Dempsey has had major roles earlier (you may remember him as Sonny Wisecarver in the misfired “In the Mood”), but nothing before has hinted at his range, his perfect comic placement or his capacity for tenderness, wonder and a certain wild apprehension, all at the same time.

All three sisters are a joy; individually glorious, they are also wonderful at creating a mood of mutual appreciation and almost-subliminal rapport. Kedrova can be iffy: as she has demonstrated more than once, she can be as mannered as Luise Rainer or as innocently fey as she is here. This role is one of her best, and since her rapport with Dempsey is crucial, it’s nice to be able to say that it seems extraordinary, lifting the story to its final, tender plane.
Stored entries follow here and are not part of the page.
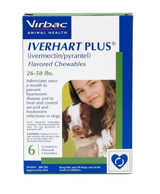 For use in animals only. Your furry friend must have a current heartworm test result on file with your veterinarian in order to be prescribed heartworm medication. Please visit your veterinarian to have this test performed annually to protect your four-legged friend. Iverhart Plus Chewable Tablets are prescribed to help protect your pet from heartworm disease, which can cause tiredness, decreased appetite and, eventually, heart failure in dogs. These easy-to-feed tablets may also help control two common intestinal parasites, roundworms and hookworms. Iverhart Plus chewables help provide safe and effective protection each month, and come in a pork liver-flavored chewable—so they’re easy to give to your dog as a tasty treat.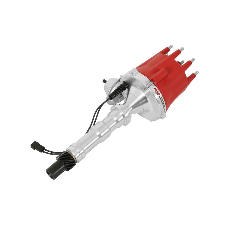 Cadillac cruisers will be excited about this new Pro-Billet distributor for the 368, 425, 472 and 500 cubic inch engines.\nThe Distributor begins life as a billet of 6061-T6 aluminum before being CNC-machined to precise dimensions. The sturdy, flex-free housing is fitted with a sealed ball-bearing and long sintered bushing for high-rpm accuracy.\nMSD's race proven magnetic pickup supplies a trigger signal that is accurate to within one degree at any rpm. Mounted above this pickup is an adjustable mechanical advance and is supplied with different springs and stop bushings for a number of curves. For street cruising economy, as if there's any such thing in a Caddy, there is a vacuum advance canister.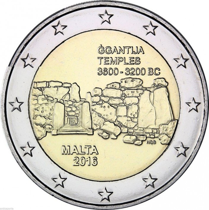 Впрочем, уже в следующем, 2016 году, ситуация изменилась. Центральный банк Мальты заявил о поэтапном выпуске серии памятных монет "Мальтийские доисторические комплексы". Так как собственного монетного двора островная республика не имеет, их было решено отчеканить во Франции. В рамках серии планируется выход семи "двухевровиков". По воле судьбы на первых трех из них оказались те мегалиты, о которых я теперь знаю не понаслышке. Кстати, и посещал я их в той же последовательности, как выходили монеты: это Джганти́я, Хаджар-Им и Мнайдра.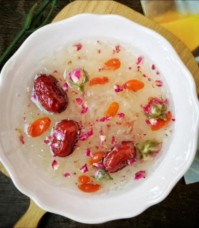 乾雪耳半朵、乾玫瑰花15朵、去核紅棗6粒、枸杞12粒、冰糖隨心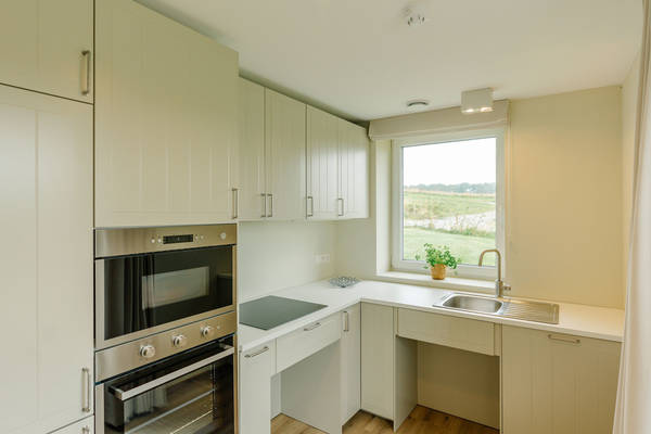 • Gelijkvloers toegankelijk gedeelte: volledig drempelloos en geschikt voor personen met beperkte mobiliteit, met extra badkamer die rolstoeltoegankelijk is.
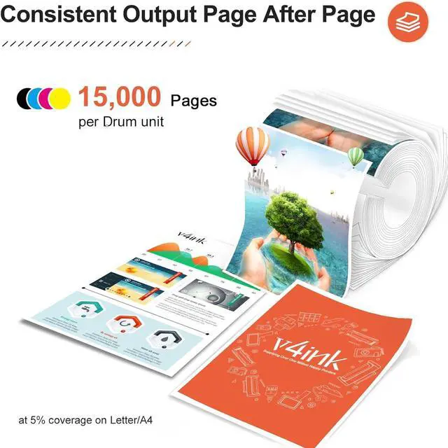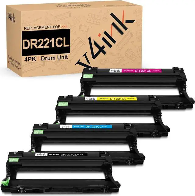 Includes 4 packs (Black, Cyan, Magenta, Yellow) v4ink DR221 DR-221 compatible drum unit replacement for Brother DR221 DR-221 DR221CL DR-221CL works with TN221 TN225 Toner(Drum Only).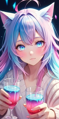 Best quality,masterpiece,cowboy shot,masterpiece,Splash color,soft lighting,(cocktail glass),1girl,solo,cat ears,multicolored hair,((gradient hair), white+(blue)+(pink:0.5) hair//),very long hair,messy hair,bangs,ahoge,((gradient eyes), pink+light_blue eyes//),slit pupils,glowing eyes,1fang,white sweater,

“Some Girls”(rated R for nudity and very brief salty language) was produced by Hoffman’s usual partner, Rick Stevenson (“Restless Natives”) for Robert Redford’s Wildwood Enterprises, and Nicoletta Massone’s evocative costumes and Ueli Steiger’s rich, glowing camera work deserve special mention.

However, there’s another element: No lover of superior production design should miss Eugenio Zanetti’s astonishing work, which creates the world of this wildly eclectic family with wit and absolute authority. If this had been a production budgeted at 20 times more, Zanetti’s work would still be stunning; to have done it on the budget reported for this production is something close to a miracle. You might hope that this is the sort of achievement that would not go unnoticed when awards for artistic ingenuity are being considered.